Then a great and powerful
wind tore the mountains apart and shattered the rocks before the LORD, but the LORD was not in the wind. After the wind there was an earthquake, but the LORD was not in the earthquake. After the earthquake came a fire, but the LORD was not in the fire. And after the fire came a gentle whisper. When Elijah heard it, he pulled his cloak over his face and went out and stood at the mouth of the cave.
Then a
voice said to him, "What are you doing here, Elijah?"

He replied, "I have been very zealous for the
LORD God Almighty. The Israelites have rejected your covenant, broken down your altars, and put your prophets to death with the sword. I am the only one left, and now they are trying to kill me too."

The
LORD said to him, "Go back the way you came, and go to the Desert of Damascus. When you get there, anoint Hazael king over Aram. Also, anoint Jehu son of Nimshi king over Israel, and anoint Elisha son of Shaphat from Abel Meholah to succeed you as prophet. Jehu will put to death any who escape the sword of Hazael, and Elisha will put to death any who escape the sword of Jehu. Yet I reserve seven thousand in Israel—all whose knees have not bowed down to Baal and all whose mouths have not kissed him."

Full text here.

Don't know about you, but I get a sense of deja-vu.

Saturday 17 April 2010

The Gospel of Jesus Christ According to Isaac

Much of Issac's life is a beautiful picture of the Trinitarian gospel.
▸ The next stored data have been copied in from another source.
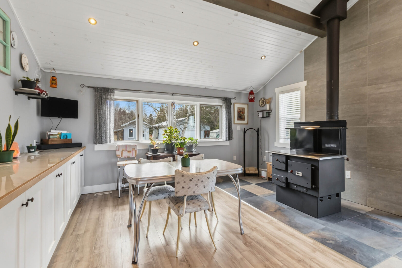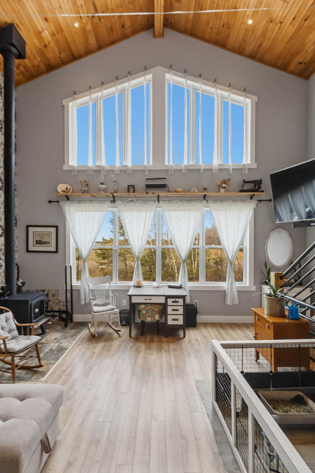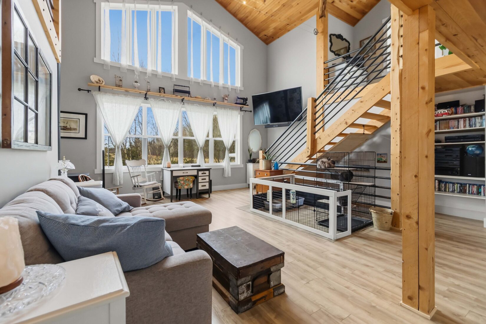 | Enjoy beautiful country living outside the city on this charming 2-acre property. This unique home features warm wood siding, a durable metal roof, and a welcoming open-concept layout highlighted by a custom wood ceiling, vaulted ceilings, and stunning floor-to-ceiling windows that fill the space with natural light. Designed for comfort and character, the home offers three bedrooms and three bathrooms, along with a traditional cook stove that doubles as a wood heat source, complemented by an electric forced air furnace for year-round efficiency. Step outside to take in the peaceful surroundings, complete with a fire pit area, a 10 x 10 chicken coop, 40 x 80 fenced vegetable garden, and plenty of space to enjoy outdoor living. A detached 18 x 24 garage provides additional storage or workshop space. A perfect blend of rustic charm and modern convenience, this property offers privacy, space, and a true country lifestyle while remaining close to city amenities. Contact your REALTOR® today to schedule your private viewing. | ||||
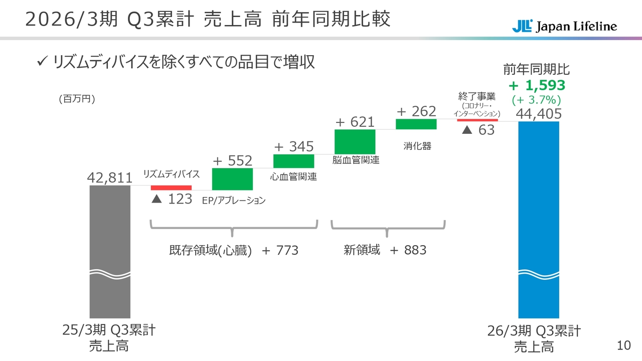 リズムディバイスを除くすべての品目で増収を達成しました。特に、既存領域である心臓領域のEP/アブレーションおよび脳血管関連での増収が大きく寄与しています。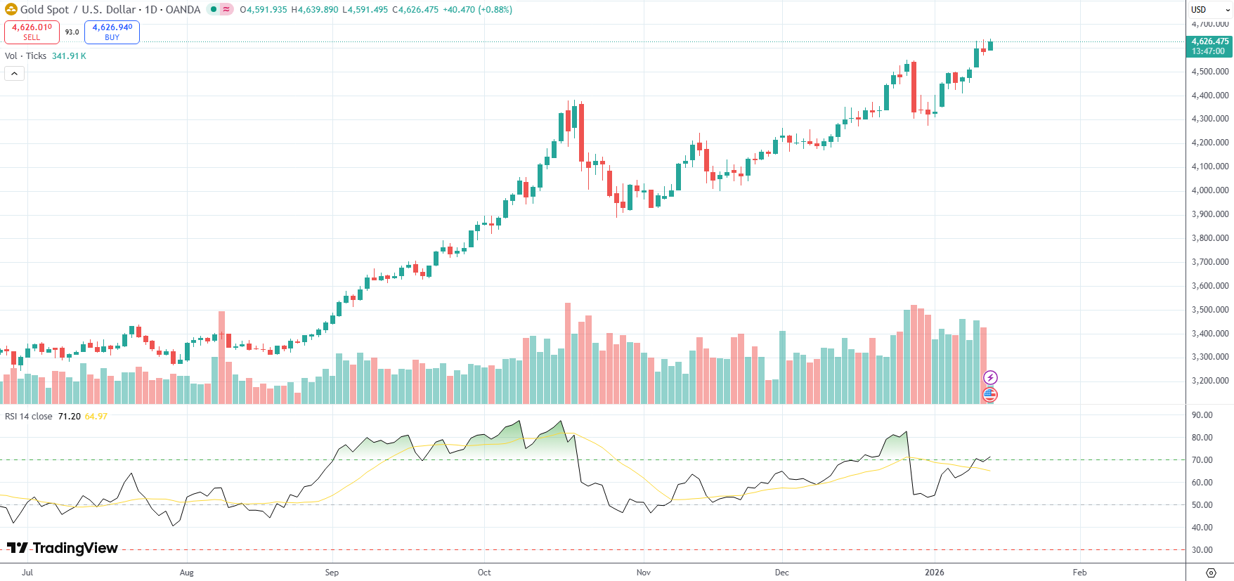 Spot Gold was last up 0.88% on the day to trade at $4,626.47 per troy ounce.

Consider the following:

His birth is foretold a long time before it happens.

His conception is miraculous.

He is persecuted by his older brother who was not born according to the promise of God.

He is offered up by his father as a sacrifice on Mount Moriah. No one but father and son are involved in this.

Isaac obediently and submissively follows his father, carrying the wood for his death.

He is received back from the dead (if only metaphorically) and reunited with his father, due to the intervention of the Angel of the LORD.

Afterwards, when Isaac is of age, his father Abraham charges his servant to go and fetch his son a bride.

The servant diligently goes far away from their place of sojourning to their own people.

He finds Rebekah and tells her all that his master has sent him to do and that if she is willing, she will become the bride of his master's son.

The servant lavishes his Master's gifts on Rebekah and her family.

She agrees to go to Isaac without delay and travel to Abraham country - the land of Isaac's inheritance, and they enjoy marital union for the rest of their days.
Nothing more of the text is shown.